Das Bike auf dem Bild schaut eher noch einen Tick zu kurz aus. 🤔

Danke für meine Meinung. 🤭


----------



## Interessiert (21. November 2020)

@Trail Surfer _"Das Bike auf dem Bild schaut eher noch einen Tick zu kurz aus"_
...war auch mein erster Gedanke


----------



## MTB-News.de




----------



## Phillip (21. November 2020)

Teppichmesser schrieb:


> Auch meine Empfehlung Gr. M wenn es ein Alma werde soll.



Perfekt, vielen Dank



Teppichmesser schrieb:


> Dir muss aber bewusst sein, dass das Alma eben ein Race Bike ist!



Bin ich, ja. Ich will schnelle und viele Kilometer machen - und gerne auch durch die Botanik. Ich habe mich umfangreich informiert und auch andere Fahrradarten ausprobiert



Teppichmesser schrieb:


> Bei einem Race Hardtail ist es normal dass man mit (zum Teil deutlicher) Überhöhung fährt, damit genug Druck aufs VR kommt.



Das ist mir auch klar, wobei ich da einen gesunden Mittelweg suche - und meine, im Alma gefunden zu haben. Das Twostroke bin ich ebenfalls gefahren und dort fällt meine Sattelüberhöhung etwas größer aus. Das 2021er Alma in M ermöglicht mir aber bereits 2-3cm Überhöhung und damit komme ich glaub ich schon sehr gut zurecht.

Und: Mir geht es letztendlich nicht darum, „wie ich gerne sitzen würde“, sondern darum, wie man auf den neuen xc-Geos „richtig sitzt“. Was das neue „Normal“ ist.
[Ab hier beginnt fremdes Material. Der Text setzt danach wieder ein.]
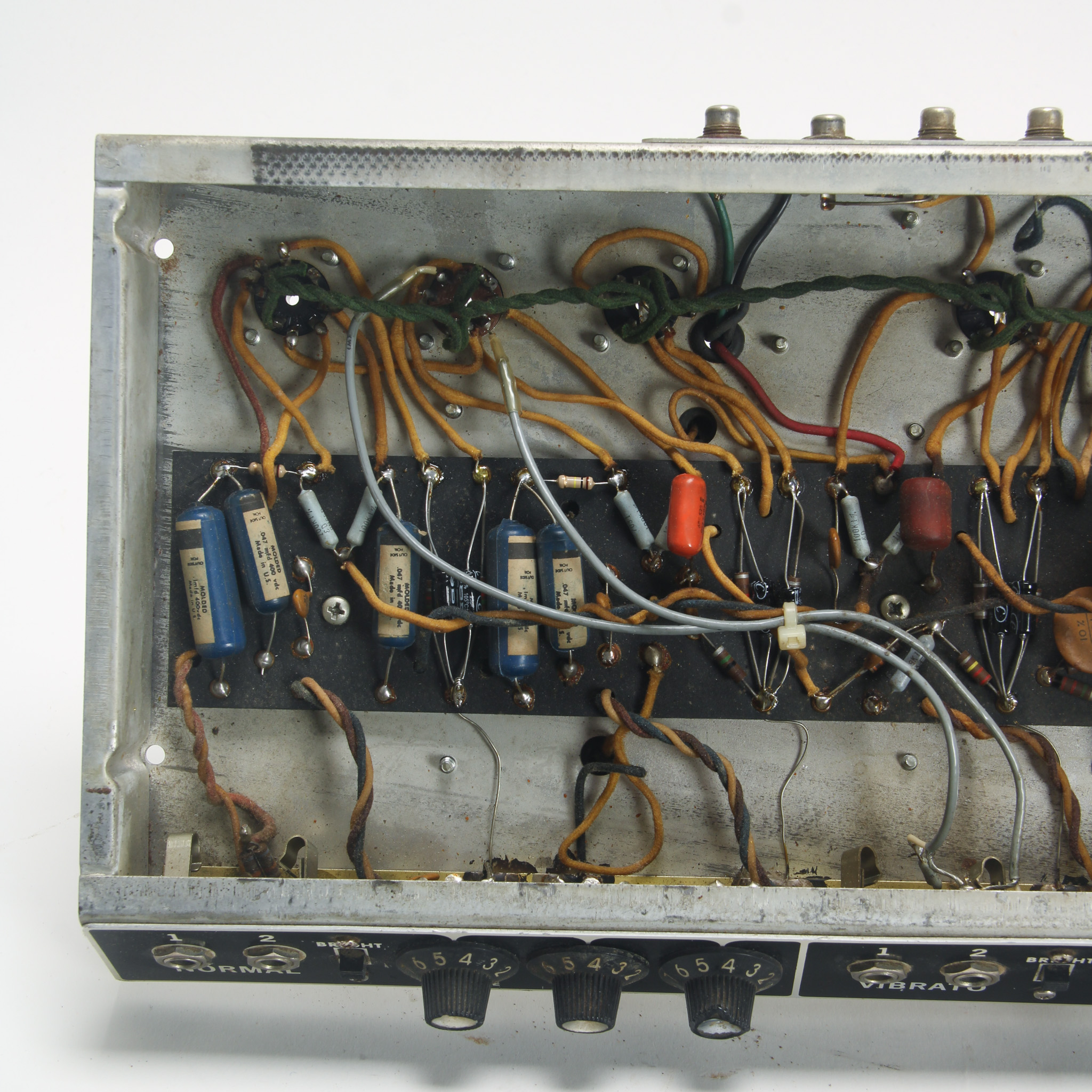The Super Reverb is a powerful and well equipped combo amp suitable for virtually every style of music. This blackface example dates to 1966 originally and is a very unusual example with a set of...

Also ungefähr so, als wenn man 20 Jahre lang MTB gefahren ist und sich dann ein Rennrad kaufen möchte... oder wie bei mir mit meinem 2014er Canyon-HT und 26“.


----------



## Phillip (21. November 2020)

Interessiert schrieb:


> @Trail Surfer _"Das Bike auf dem Bild schaut eher noch einen Tick zu kurz aus"_
> ...war auch mein erster Gedanke



Super Aussage! 👍 Ohne Witz: dann liege ich in meinem Denken mit dem M ja goldrichtig.


----------



## Teppichmesser (21. November 2020)

Wenn ich nach dem gezeigten Bild gehe - und meine Vorlieben mit einbringe - wäre es ein Gr. M - weniger Spacer aber längerem Vorbau, damit durch Rückenbeugung schon Vorspannung im unteren Rücken ist.


----------



## Phillip (21. November 2020)

Teppichmesser schrieb:


> Wenn ich nach dem gezeigten Bild gehe - und meine Vorlieben mit einbringe - wäre es ein Gr. M - weniger Spacer aber längerem Vorbau, damit durch Rückenbeugung schon Vorspannung im unteren Rücken ist.


Nochmal danke! =) Mit solchen Einschätzungen kann ich unheimlich viel Anfangen!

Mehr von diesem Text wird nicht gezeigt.